The motor MG1 and the motor MG2 are both configured as well-known synchronous generator motors that can be driven as generators and can be driven as motors, and exchange power with the battery 50 via inverters 41 and 42. The power line 54 connecting the inverters 41 and 42 and the battery 50 is configured as a positive electrode bus and a negative electrode bus shared by the inverters 41 and 42, and the electric power generated by one of the motors MG1 and MG2 It can be consumed by a motor. Therefore, battery 50 is charged / discharged by electric power generated from one of motors MG1 and MG2 or insufficient electric power. If the balance of electric power is balanced by the motors MG1 and MG2, the battery 50 is not charged / discharged. The motors MG1 and MG2 are both driven and controlled by a motor electronic control unit (hereinafter referred to as a motor ECU) 40. The motor ECU 40 detects signals necessary for driving and controlling the motors MG1 and MG2, such as signals from rotational position detection sensors 43 and 44 that detect the rotational positions of the rotors of the motors MG1 and MG2, and current sensors (not shown). The phase current applied to the motors MG1 and MG2 to be applied is input, and a switching control signal to the inverters 41 and 42 is output from the motor ECU 40. The motor ECU 40 is in communication with the hybrid electronic control unit 70, controls the driving of the motors MG1 and MG2 by a control signal from the hybrid electronic control unit 70, and, if necessary, data on the operating state of the motors MG1 and MG2. Output to the hybrid electronic control unit 70.

  The battery 50 is managed by a battery electronic control unit (hereinafter referred to as a battery ECU) 52. The battery ECU 52 receives signals necessary for managing the battery 50, for example, a voltage between terminals from a voltage sensor (not shown) installed between terminals of the battery 50, and a power line 54 connected to the output terminal of the battery 50. The charging / discharging current from the attached current sensor (not shown), the battery temperature Tb from the temperature sensor 51 attached to the battery 50, and the like are input. Output to the control unit 70. The battery ECU 52 also calculates the remaining capacity (SOC) based on the integrated value of the charge / discharge current detected by the current sensor in order to manage the battery 50.

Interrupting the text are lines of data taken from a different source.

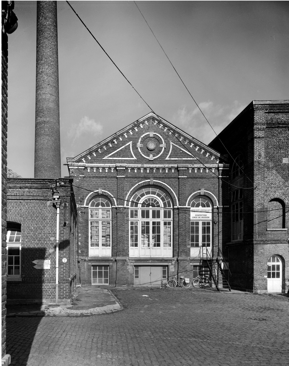
Seconde salle des machines. Élévation antérieure.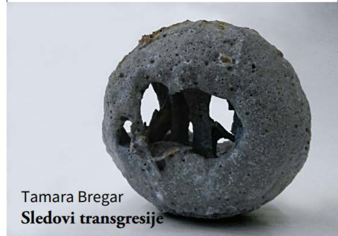
Tamara Bregar Sledovi transgresije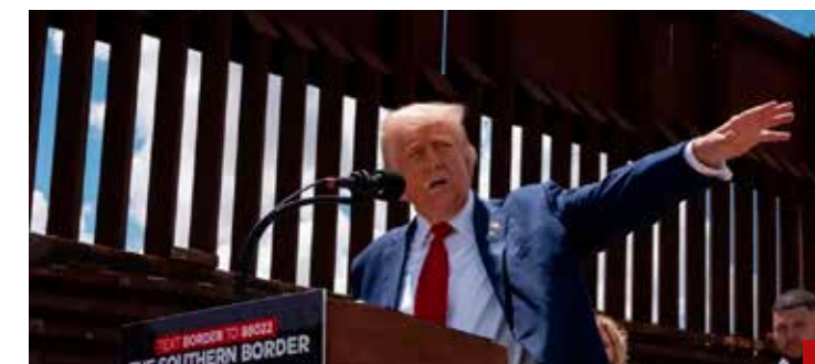
Trump muestra su inconformidad.

La reforma contra el nepotismo que promoviera la Presidenta Claudia Sheinbaum Pardo tiene confrontadas a las diversas corrientes de Morena, así como a sus aliados políticos, como es el caso del Partido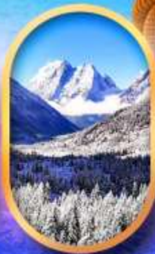
อุทยานสี่ครุณี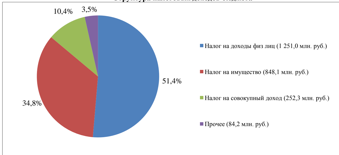
Структура налоговых доходов бюджета

Неналоговые доходы поступили в сумме 354,0 млн. рублей, что выше планируемого на 5,9 млн. рублей.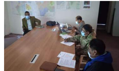
FORMULACIÓN DE ESTRATEGIAS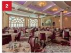
Dream Dining Room Savour Chinese and Western cuisine in our elegant main inclusive dining room.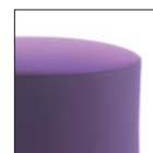
Versione bicolore Two colours version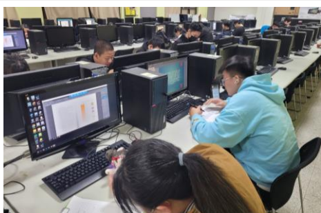
學生構思色稿情景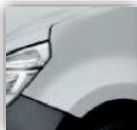
Homok szürke- KNH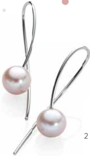
Ohrhänger | 390 € 2 Roséperlen | Edelstahl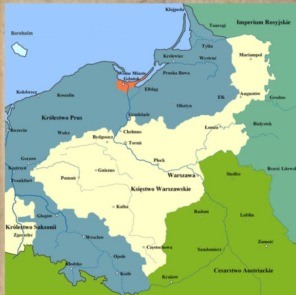
Księstwo Warszawskie w latach 1807–1809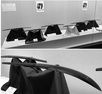
▲整然と並べられた刀剣。壮観です!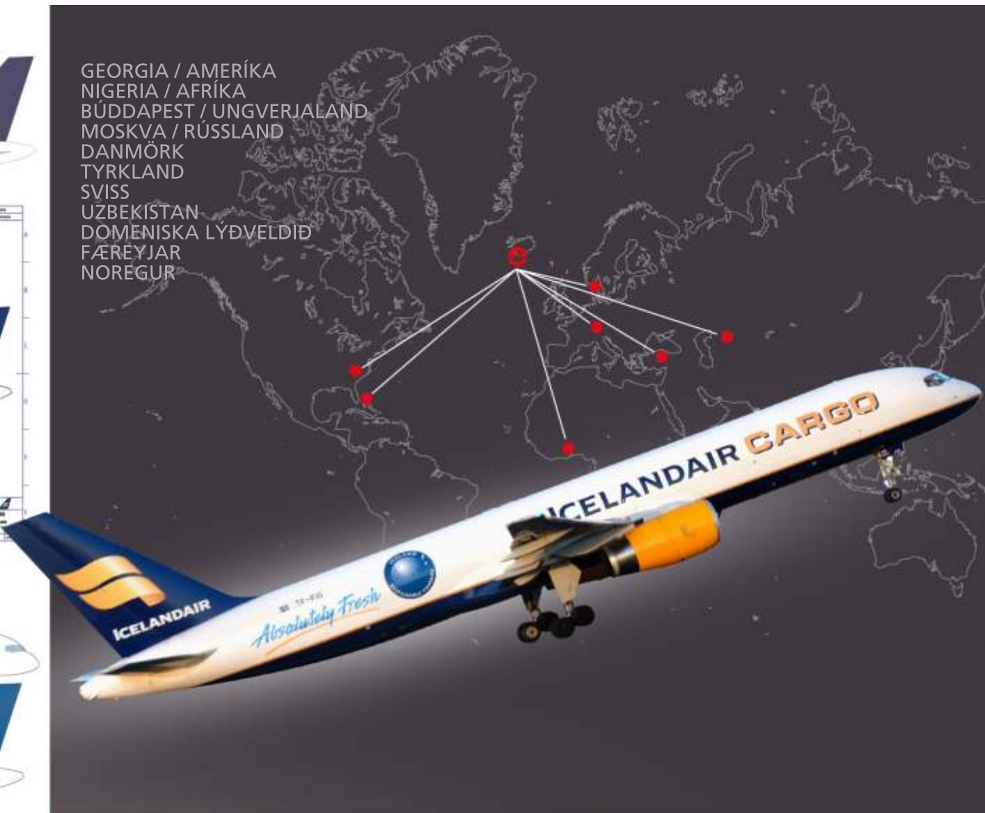
Merking hefur merkt flugvélar um allan heim

GEORGIA / AMERÍKA NIGERIA / AFRÍKA BÚDDAPEST / UNGVERJALAND MOSKVA / RÚSSLAND DANMÖRK TYRKLAND SVISS UZBEKÍSTAN DOMENISKA LÝÐVELDIÐ FÆREYJAR NOREGUR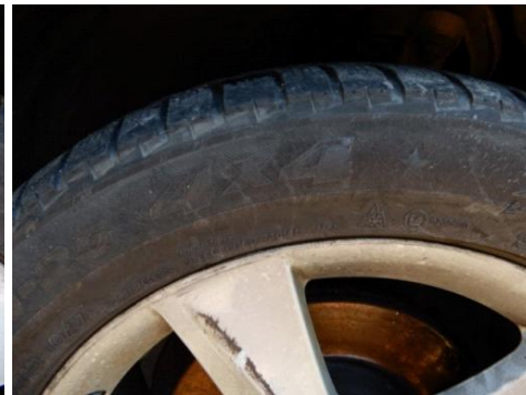
ML 350 (41)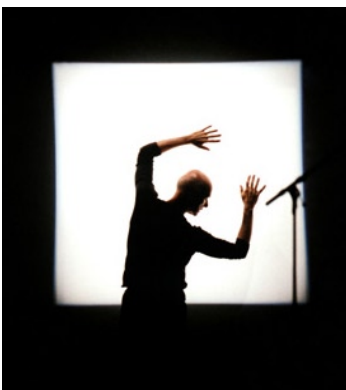
▲ Solo 1x60 - Un jardin d'objets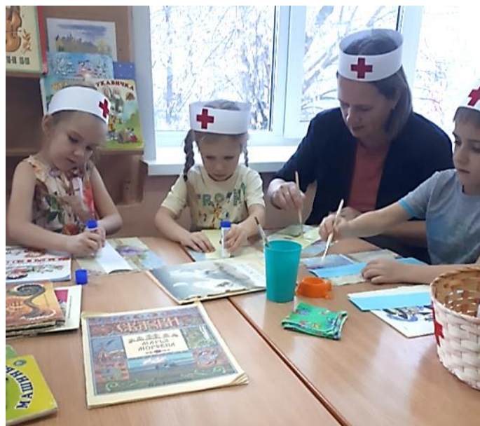
Ребята клеивают оторванный лист на место в книгу.

Ручной труд значительно расширяет кругозор детей, обогащает их знания о свойствах материалов и возможностях их применения.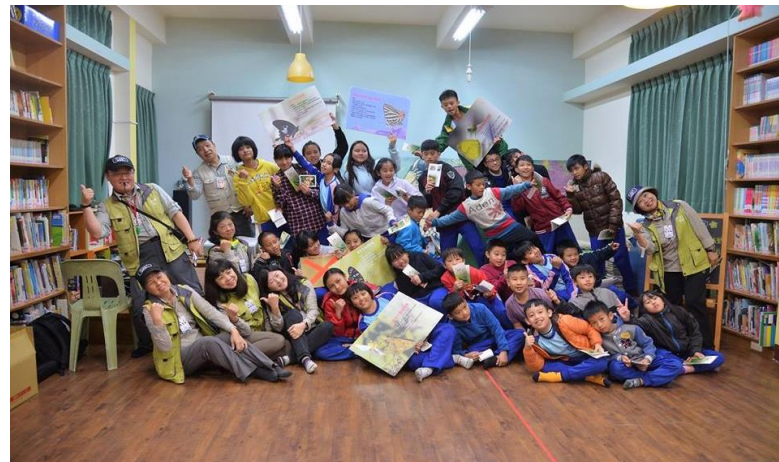
左圖為中峰國小右圖為南豐國小蝴蝶環境教育列車參與師生與解說員合影。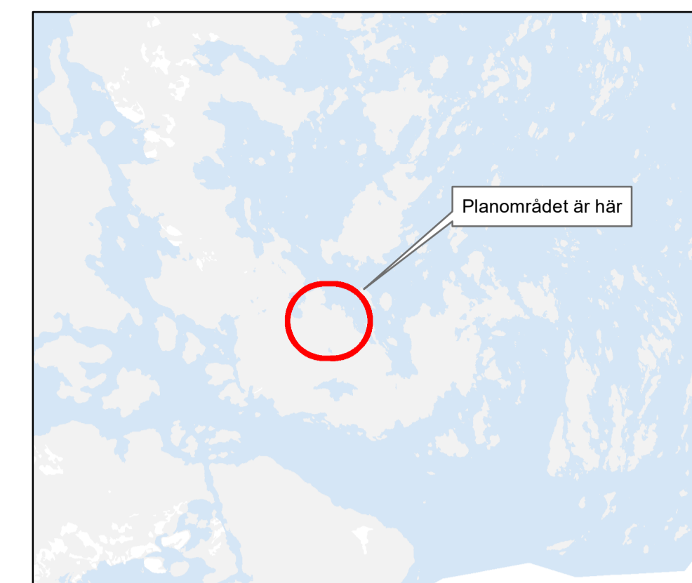
Orienteringskarta - Norra Finnö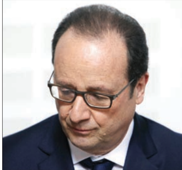
الحزن مرسوم على وجه الرئيس الفرنسي

كونا: بعث صاحب السمو الأمير الشيخ صباح الأحمد ببرقيات تعازٍ إلى كل من الرئيس يواخيم غاوك - رئيس جمهورية ألمانيا الاتحادية والملك فليبي السادس ملك مملكة إسبانيا والرئيس فرانسوا هولاند رئيس الجمهورية الفرنسية عبر فيها سموه عن خالص تعازيه وصادق مواساته بضحايا حادث تحطم طائرة الركاب الألمانية من مواطني ألمانيا وإسبانيا وفرنسا فوق جبال الألب جنوب فرنسا، راجيا سموه للضحايا الرحمة ولذويهم جميل الصبر وحسن العزاء.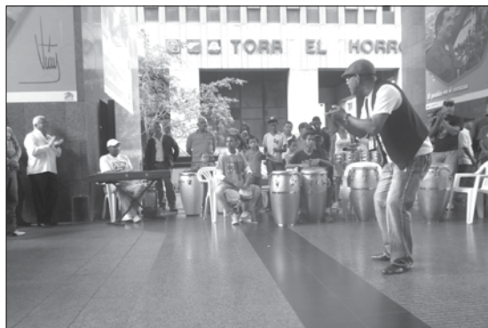
Guapacha y sus muchachos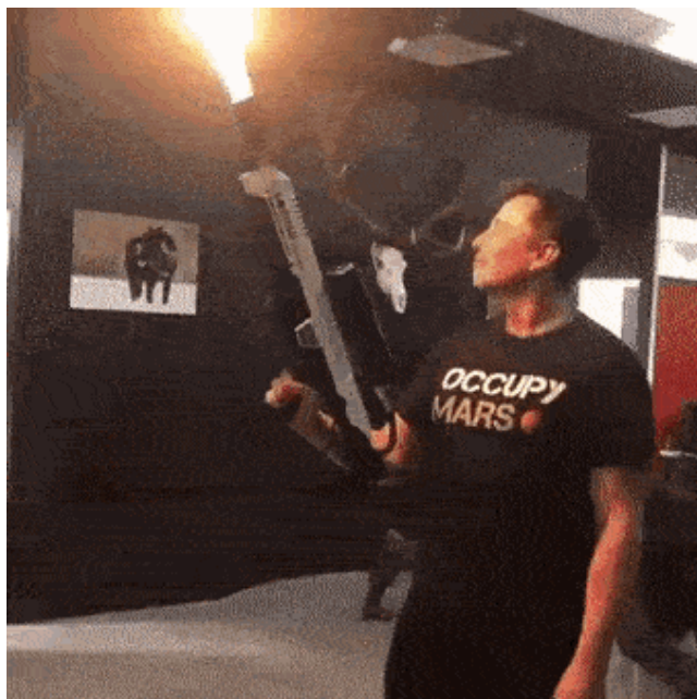
Elon Musk jouant avec nos attentions (allégorie).

Que ce rachat de Twitter par le milliardaire conservateur se finalise ou non, au final peu importe : le danger a toujours été là.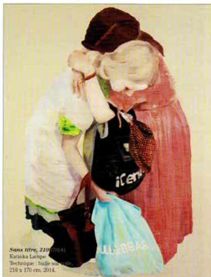
Sans titre, 2014 Katinka Lampe Technique : huile sur toile 210 x 170 cm, 2014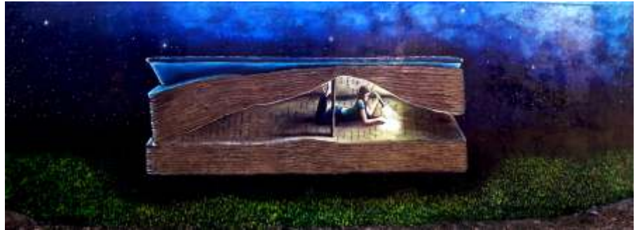
Mural Painting by Fine Arts Students

A little girl safely poised inside a book, sifting through the words with a torch in her hand in the backdrop of a distinct luminous starry night. The shiny blue colour immersed with bright lights and the whole microcosm of the little girl seems to be glittered by the sprouting rays out of the book. In this marvelous panorama of a mural portrayed on the back of the stairs of the Mola Bukhsh auditorium, the theme of enlightenment is transposed on the wall. This exquisite painting is emblematic of the UoS students' glorious propensity to creativity and stupendous artistic pursuits. The idea behind embellishing the walls of UoS with captivating paintings and murals is twofold: on the one hand it aims to cultivate a sense of connectedness with the alma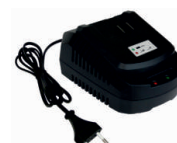
obj. č. 33152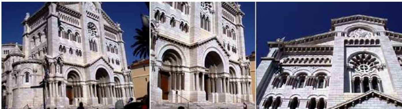
❶ Fachada con una de sus capillas laterales semicircular. ❷ Su fachada de dos cuerpos y con un friso triangular. ❸ En la parte superior posee un Pantocrátor, encima del su rosetón calado.

El 6 de enero de 1875, el Príncipe Carlos III puso la primera piedra. La Catedral cuenta también con los patrones de los santos Nicolás y Benito.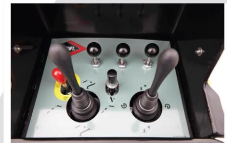
Plnohydraulické horné ovládanie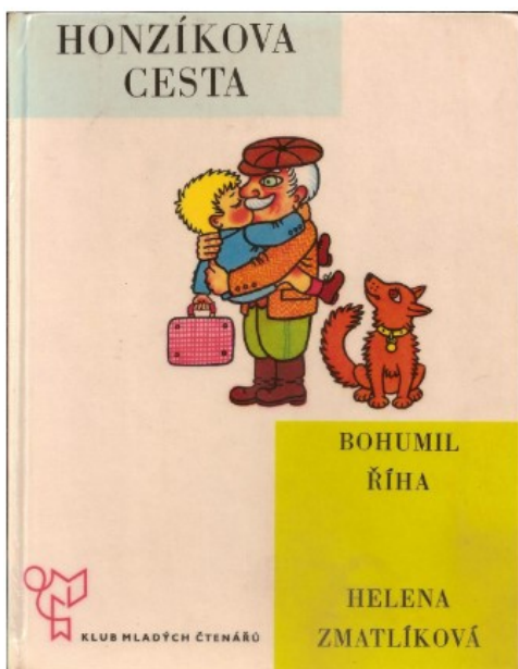
Obrazová příloha č. 2 – Bohumil Říha: Honzíkova cesta , vydání z r. 1964. Obrázek na obálce se dodnes prakticky nezměnil.

  The hybrid electronic control unit 70 is configured as a microprocessor centered on the CPU 72, and in addition to the CPU 72, a ROM 74 for storing processing programs, a RAM 76 for temporarily storing data, an input / output port and communication not shown. And a port. The hybrid electronic control unit 70 includes an ignition signal from an ignition switch 80, a shift position SP from a shift position sensor 82 that detects the operation position of the shift lever 81, and an accelerator pedal position sensor 84 that detects the amount of depression of the accelerator pedal 83. On / off switch of the air conditioner 92 that air-conditions the passenger compartment 90, the brake pedal position BP from the brake pedal position sensor 86 that detects the depression amount of the brake pedal 85, the vehicle speed V from the vehicle speed sensor 88, A switch signal from the air conditioner switch 89) is input via the input port. As described above, the hybrid electronic control unit 70 is connected to the engine ECU 24, the motor ECU 40, the battery ECU 52, and the air conditioner 92 through the communication port, and the engine ECU 24, the motor ECU 40, the battery ECU 52, the air conditioner 92, and the various types. Control signals and data are exchanged.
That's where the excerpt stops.